Parallel zur Stellungnahme des Generalvikars lässt das Würzburger katholische Sonntagsblatt den Dekan der Katholisch-Theologischen Fakultät der Universität Würzburg, Professor Dr. Erich Garhammer, als Mitunterzeichner des Memorandums in einem Interview zu Wort kommen. Die Theologen, die unterschrieben hätten, seien keine Feinde der Kirche, zu denen sie gemacht würden, sondern Liebhaber der Kirche, weil ihnen an ihr und ihrer Zukunftsfähigkeit etwas liege, betont Garhammer. Das Gleiche hoffe er auch von denen, die nicht unterschrieben haben. „Es gibt kein Schisma zwischen den Theologen.“
Reformwünsche seien ernst zu nehmen, sie kämen aus der Mitte der Kirche. Die Unterzeichner wollten keine andere Kirche, „sondern sie wollen die Kirche, die sie lieben, anders. Das ist ein großer Unterschied. Zudem hat Herr Lütz – Gott sei Dank! – nicht zu entscheiden, wer zur Kirche gehört und wer nicht“, antwortet Garhammer auf die Frage, was er dem Theologen Manfred Lütz entgegne, der den Unterzeichnern den Übertritt zur evangelischen Kirche nahegelegt habe. Die Theologenerklärung ziele auf eine reformfähige Kirche. Insofern unterstütze sie den Reformkurs der deutschen Bischöfe. „Ich habe die Erwartung, dass sich die Bischöfe mit den Theologen zusammenschließen und sich für eine Kirche der Zukunft verausgaben. Diese Aufgabe braucht alle Kräfte! Die Theologen sind dafür bereit!“, unterstreicht Garhammer.
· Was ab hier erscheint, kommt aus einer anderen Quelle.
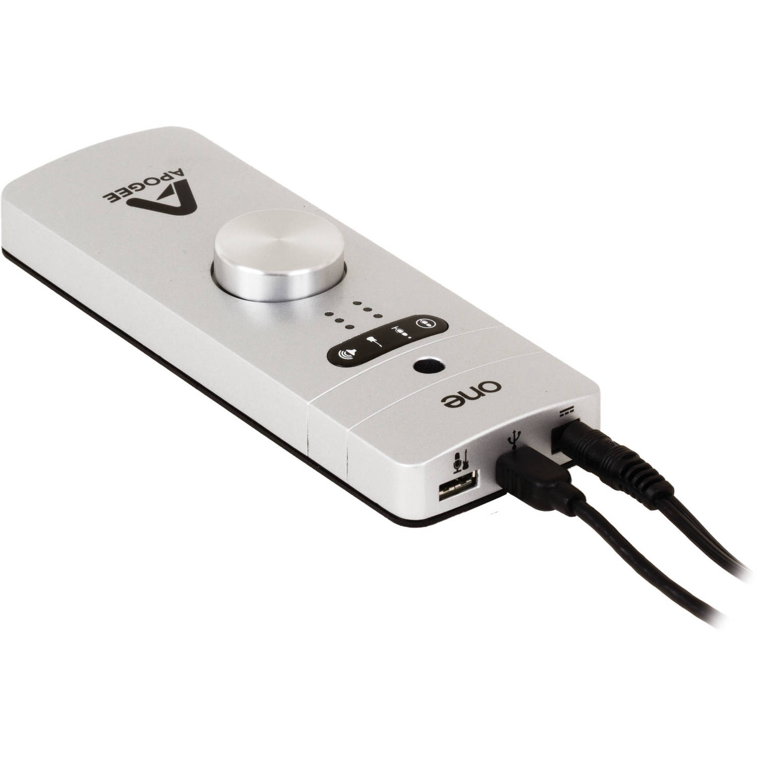 The Apogee One Audio Interface is a compact USB audio interface that combines high-quality recording with ease of use. This recording device is designed to be compatible with iOS, Mac, and Windows PCs, making it versatile for various users. Whether you're a musician, podcaster, or audiophile, this device offers studio-grade performance in a portable form. Offering 24-bit/96kHz resolution, the Apogee One delivers professional-level sound that is ideal for both simple and more complex setups.

Die komplette Stellungnahme von Generalvikar Dr. Karl Hillenbrand und das Interview mit Professor Dr. Erich Garhammer finden sich in der aktuellen Ausgabe des Würzburger katholischen Sonntagsblatts vom 20. Februar. Der Text von Generalvikar Hillenbrand steht auch im Internet unter www.sobla.de.
Unterstützung erhält das Memorandum vom Vorstand der Katholischen Landvolkbewegung (KLB) der Diözese Würzburg. Die Ergebnisse des langjährigen Projektes „Land in Sicht – Zur Zukunft der Landpastoral in der Diözese Würzburg“ sowie vielfältige Erfahrungen und Rückmeldungen aktiver Mitglieder ländlicher Gemeinden der Diözese Würzburg bestätigten die Dringlichkeit eines offenen Dialoges über die zukünftige Gestaltung der Gemeinden vor Ort, erklärte der Diözesanvorstand der KLB. Trotz der gegenwärtigen strukturellen Veränderungen und des zunehmenden Priestermangels dürften die Gemeinden nicht ausbluten. Kirche müsse vor Ort leben und präsent sein. Dazu brauche es unter anderem klare Kompetenzen und gute Unterstützung der Ehrenamtlichen. Auch die von den Theologen angesprochene Beteiligung der Gemeindemitglieder an wichtigen personellen und pastoralen Entscheidungen vor Ort ist der KLB seit langem ein wichtiges Anliegen, ebenso wie die Gestaltung von ansprechenden Gottesdiensten, in denen der Glaube und die konkrete Lebenssituation der Feiernden ihren Platz haben.